> [HOW TO COMPLETE THIS TASK]
Please restate the entries below word for word, leaving out any pictures.

Segment Open

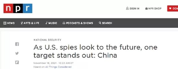美国全国公共广播电台(NPR)16日报道称,美国现任和前任情报官员最近开了一次线上会议,谈到所谓“中国针对美国的大型间谍活动所带来的挑战”。
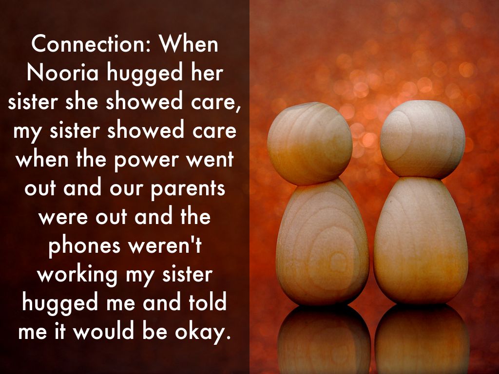 Connection: When Nooria hugged her sister she showed care, my sister showed care when the power went out and our parents were out and the phones weren't working my sister hugged me and told me it would be okay.
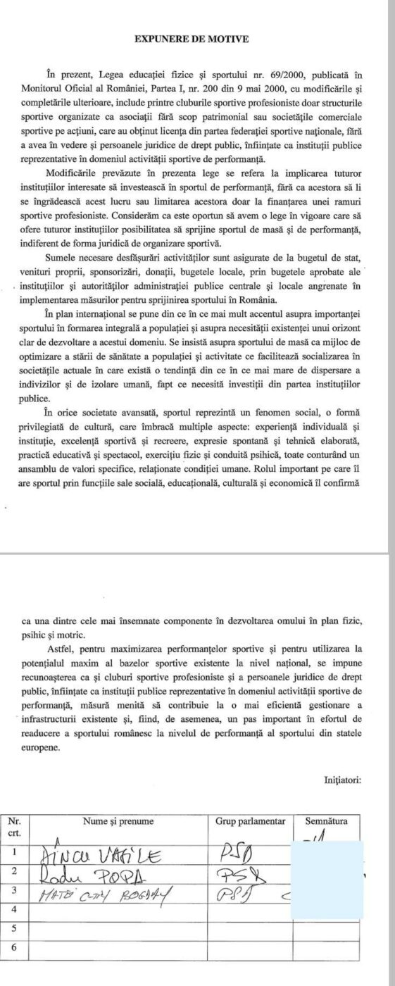 Senatorul Vasile Dîncu a depus în Parlamentul României un proiect de lege prin care solicită modificarea și completarea Legii Sportului 69/2000. Mai precis, proiectul fostului ministru al Apărării Naționale propune ca persoanele juridice de drept public să aibă statut de cluburi sportive profesioniste, la fel ca societățile comerciale sportive sau asociațiile.
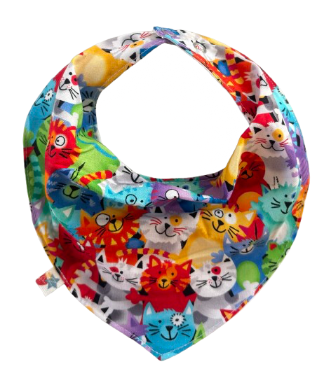 Babero bandana impermeable gatitos multicolores. Confeccionado en algodón con una capa impermeable, para que la humedad de la babita no pase a la ropita, ni al cuerpito de tu bebé. Tiene dos broches para que lo acompañe en su crecimiento.
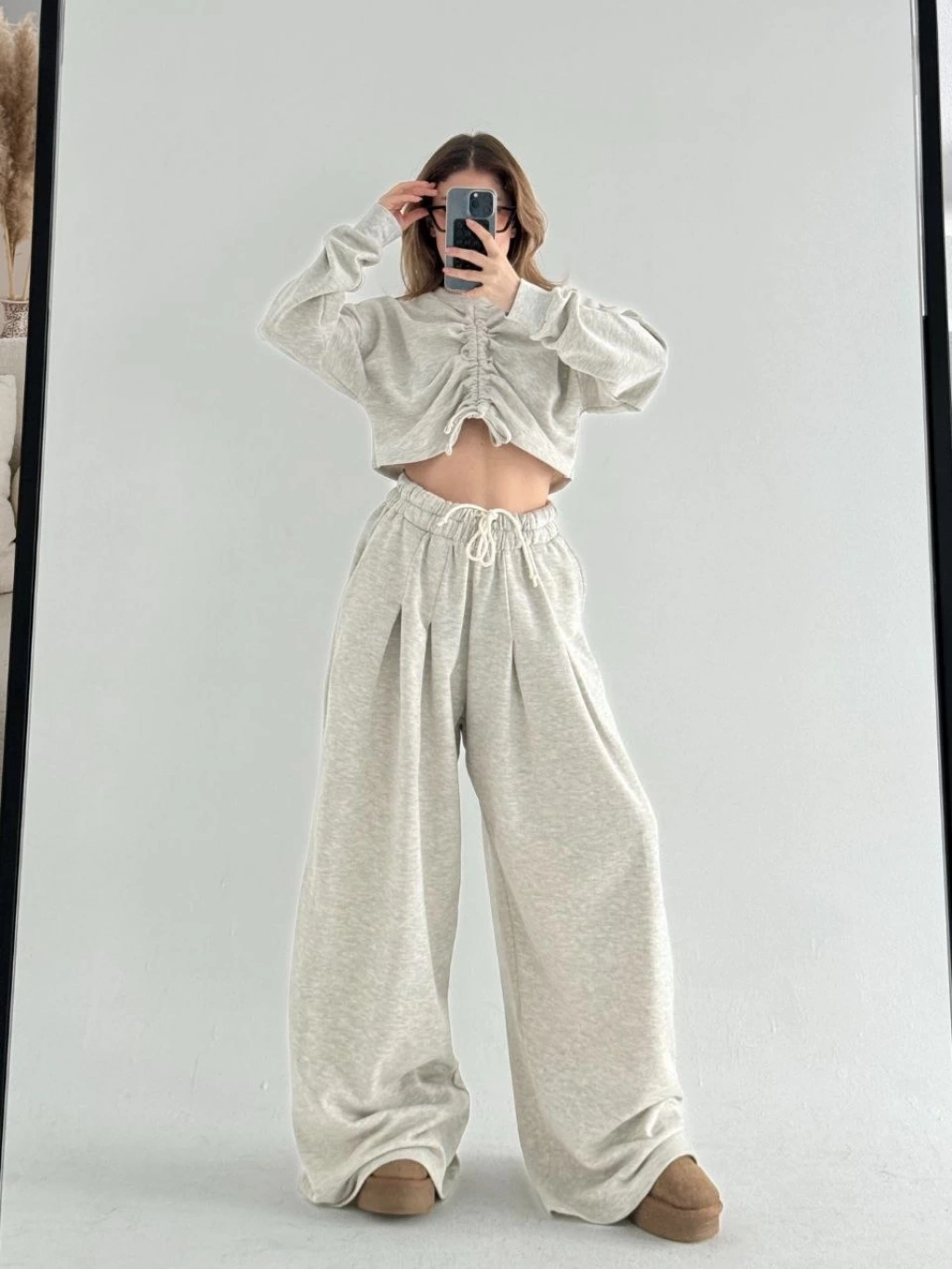 KADIN PREMİUM PARÇALI EŞOFMAN TAKIM - DİK YAKA FERMUARLI SWEATSHİRT - GRİ
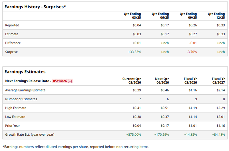 For fiscal 2026, analysts expect the chipmaker to report EPS of $1.16, a rise of 14.9% from $1.01 in fiscal 2025. Moreover, EPS is projected to increase 84.5% year-over-year to $2.14 in fiscal 2027.
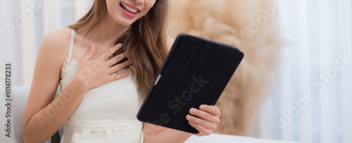 Young asian woman sitting on sofa using digital tablet computer for video call in living room at home, female using social media on tablet for chat online and conversation distant, lifestyle concept.
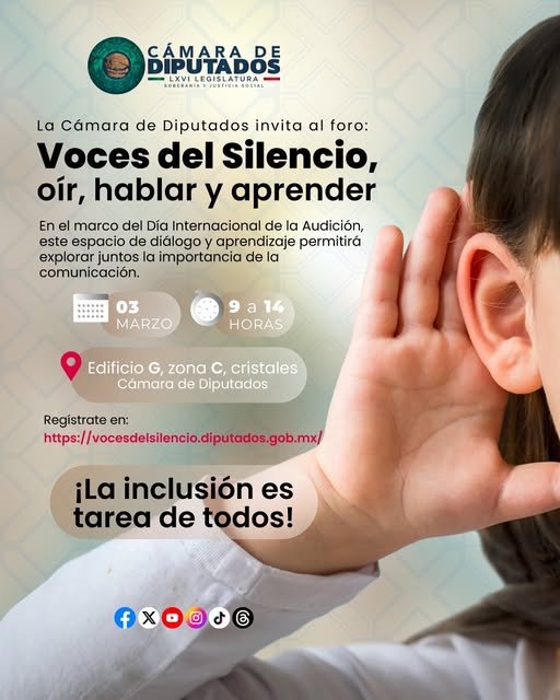 Camara de DiputadosInfografías En el Día Internacional de la Audición, la Cámara de Diputados te invita al foro “Voces del Silencio. Oír, hablar y aprender”. Por Araceli Bastida - marzo 3, 2025 0 FacebookTwitterPinterestLinkedinReddItEmailWhatsAppTelegramVK
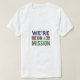 estamos na missão T-Shirt. Este design de camiseta declara seu propósito com uma vibração vintage! "Estamos em uma Missão" é exibida em um gradiente ousado, multicolorido, com cada palavra uma sombra diferente de olho. Uma sutil textura em apuros adiciona um toque de história e determinação. Esta design é perfeita para quem tem um objetivo e está pronto para agir, canalizando um espírito clássico em sua jornada.
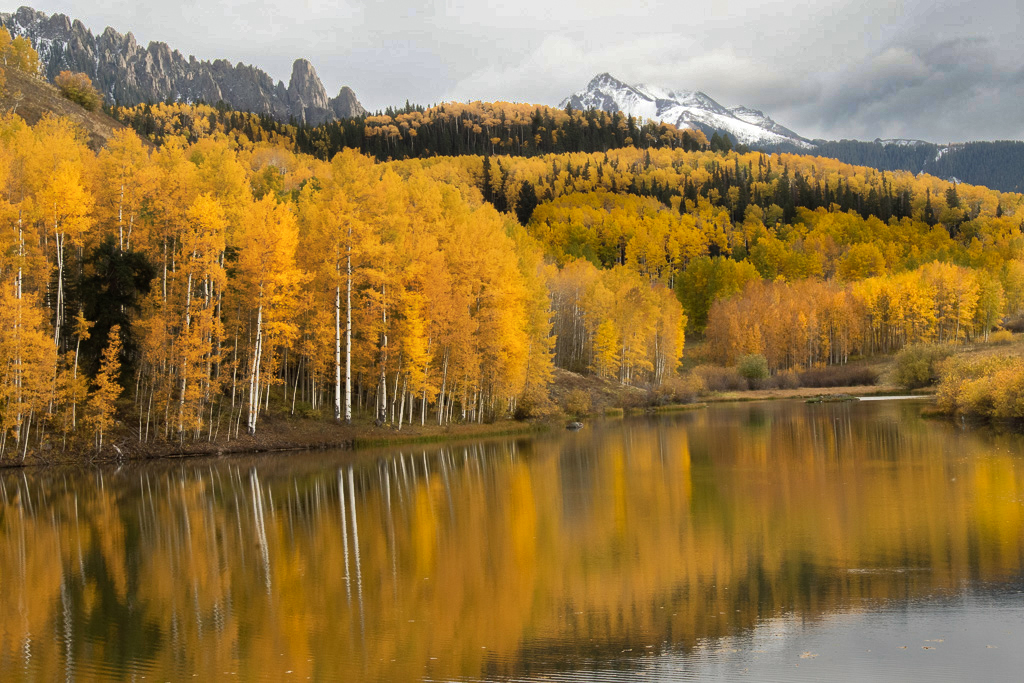 Hi Ruth. You are so fortunate to live in an area of the country with such amazing fall color! It's kinda boring here in Washington by comparison! First off, I love your composition. I think you have a nice balance of water/reflection, trees and mountains/sky and your sky edit adds drama. You've captured well the majesty of the Rockies in Autumn and the image gives me a feeling of both calm and awe. It's very beautiful and I enjoyed it very much.
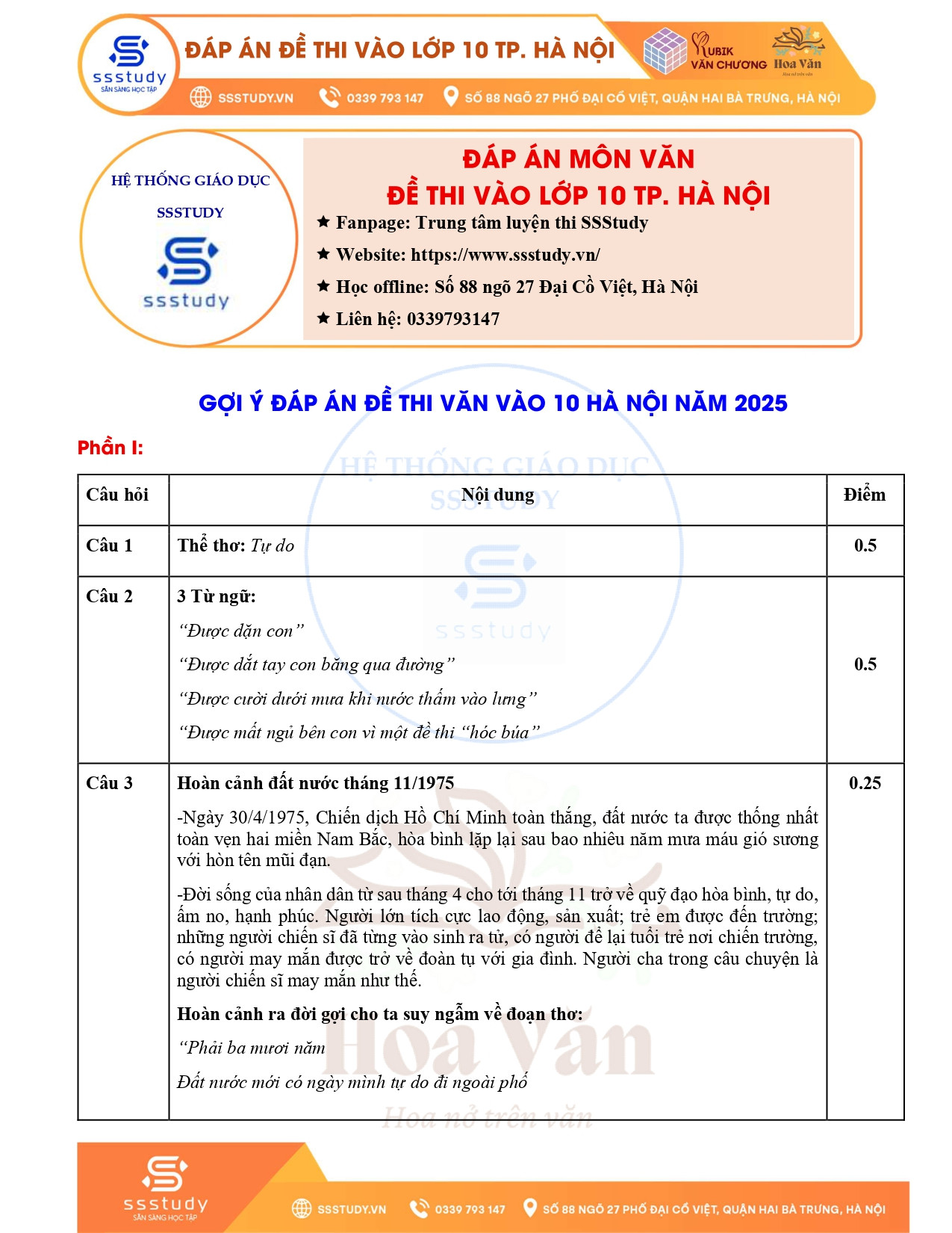 Dưới đây là gợi ý tham khảo đề thi môn Ngữ Văn được thực hiện bởi đội ngũ giáo viên tại Hệ thống giáo dục SSStudy và Rubik Văn chương:

Segment Closed

> [WRITTEN RESPONSE]
美国全国公共广播电台(NPR)16日报道称,美国现任和前任情报官员最近开了一次线上会议,谈到所谓“中国针对美国的大型间谍活动所带来的挑战”。
 Connection: When Nooria hugged her sister she showed care, my sister showed care when the power went out and our parents were out and the phones weren't working my sister hugged me and told me it would be okay.
 Senatorul Vasile Dîncu a depus în Parlamentul României un proiect de lege prin care solicită modificarea și completarea Legii Sportului 69/2000. Mai precis, proiectul fostului ministru al Apărării Naționale propune ca persoanele juridice de drept public să aibă statut de cluburi sportive profesioniste, la fel ca societățile comerciale sportive sau asociațiile.
 Babero bandana impermeable gatitos multicolores. Confeccionado en algodón con una capa impermeable, para que la humedad de la babita no pase a la ropita, ni al cuerpito de tu bebé. Tiene dos broches para que lo acompañe en su crecimiento.
 KADIN PREMİUM PARÇALI EŞOFMAN TAKIM - DİK YAKA FERMUARLI SWEATSHİRT - GRİ
 For fiscal 2026, analysts expect the chipmaker to report EPS of $1.16, a rise of 14.9% from $1.01 in fiscal 2025. Moreover, EPS is projected to increase 84.5% year-over-year to $2.14 in fiscal 2027.
 Young asian woman sitting on sofa using digital tablet computer for video call in living room at home, female using social media on tablet for chat online and conversation distant, lifestyle concept.
 Camara de DiputadosInfografías En el Día Internacional de la Audición, la Cámara de Diputados te invita al foro “Voces del Silencio. Oír, hablar y aprender”. Por Araceli Bastida - marzo 3, 2025 0 FacebookTwitterPinterestLinkedinReddItEmailWhatsAppTelegramVK
 estamos na missão T-Shirt. Este design de camiseta declara seu propósito com uma vibração vintage! "Estamos em uma Missão" é exibida em um gradiente ousado, multicolorido, com cada palavra uma sombra diferente de olho. Uma sutil textura em apuros adiciona um toque de história e determinação. Esta design é perfeita para quem tem um objetivo e está pronto para agir, canalizando um espírito clássico em sua jornada.
 Hi Ruth. You are so fortunate to live in an area of the country with such amazing fall color! It's kinda boring here in Washington by comparison! First off, I love your composition. I think you have a nice balance of water/reflection, trees and mountains/sky and your sky edit adds drama. You've captured well the majesty of the Rockies in Autumn and the image gives me a feeling of both calm and awe. It's very beautiful and I enjoyed it very much.
 Dưới đây là gợi ý tham khảo đề thi môn Ngữ Văn được thực hiện bởi đội ngũ giáo viên tại Hệ thống giáo dục SSStudy và Rubik Văn chương:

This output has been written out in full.